Photo Friday: Injurious Bastard.
This Photo Friday goes out to Perpetua, whose own daredevil took a recent bed-to-floor topple.
Hank is surprisingly coordinated for such a big guy. But there is a reason why his father calls him alternately “Toppleganger” and “Crumplestiltskin.” And why we daily add to the list of victims (animate or inanimate) of Hank Smash.
(Um, if you haven’t guessed the reason: He falls down a lot.)
The infamous fall from the bed when he was four and a half months seems like nothing to me now, though of course at the time I was frantic. These days Hank has a near constant shiner. And as soon as people stop eyeing me suspiciously and asking roundabout questions about it, it switches eyes. I just uploaded photos from our digital camera to iPhoto and noticed that the only photos I’d taken in the last few weeks were to document H’s bruises.
Exhibit A: A Few Shots of the Goose-Egg
Notice, also, The Scratch, which decorates The Goose-Egg.
While The Goose-Egg is your typical fall-from-the-changing-table marker, The Scratch, which ups the ante a bit, stems from the fact that our “changing table” is restaurant-grade METAL SHELVING.
The Scratch did give him a particularly Karloffian edge, to be honest.
That’s right–he fell off the changing table. I had a hand on him, but he ninja-moved out from under it and hurled himself off, falling (of course) and smacking forehead-first on the hardwood floor. On the way down he scratched his forehead on a basket (also metal!).
And it didn’t help that it was 4 in the morning, this being during the week together when that was his decided-upon wake-up time, he had already been up multiple times that night, I was bleary eyed and completely demoralized, and his crashing fantastically didn’t help matters one bit. I ended up shouting upstairs to Baby Daddy, who came down to find me sobbing while nursing what seemed to be a completely fine baby, except, of course, for the massive bruise and unsightly scratch. BD took over, and I went and cried into my pillow and took a sweaty fretful “nap” (seems weird to call 4-5 am a nap, but that’s what it was in those days). When I came down an hour later Hank was standing up as usual holding on to his favorite ottoman.

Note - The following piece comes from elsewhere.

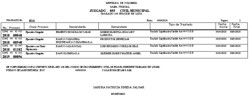 Traslado Nro 014. Junio 03 de 2020 Ver Archivo
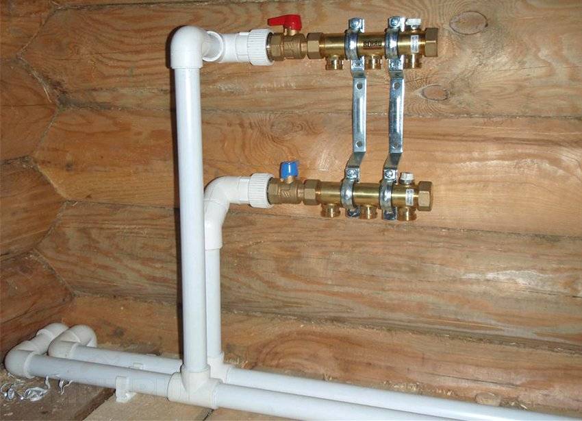 Пример коллекторного узла, распределяющего теплоноситель по контурам «теплого пола».

He looked at me as I came down the stairs, broke out into a giant drooly grin which certainly softened the still somewhat shocking discoloration of his forehead, and chirped: “Mama!” (this being the first time he had ever said it, the first time he’d ever made any M sound, or any consonant-a sound, actually. baba and puhpuh followed in the next week).
So, if you want to jump-start your kid’s language skills–just drop her on her head!
Then a week or so later, another in a string of never ending black eyes. This particular black eye was achieved by a mid-furniture-cruising fall while holding the remote control, which hit the ground first, but, still in his hand, stood vertical on its end, so that his face went right into the other end of the remote before he and it became crashed to horizontal on the floor.
None of the pictures I have of him (most of him being held by nice older women at his grandmother’s retirement party) quite capture how noticeable the black eye was/is. It’s been over a week and this particular shiner is still holding on.
It’s been joined by a cheekbone bruise that makes it look even more likely that he’s been slapped, and a nice big scrape on the opposite cheek he got today at child care when he decided to attempt to follow his caregiver’s son up the steps. From standing next to them. Forgetting he can’t, you know, walk.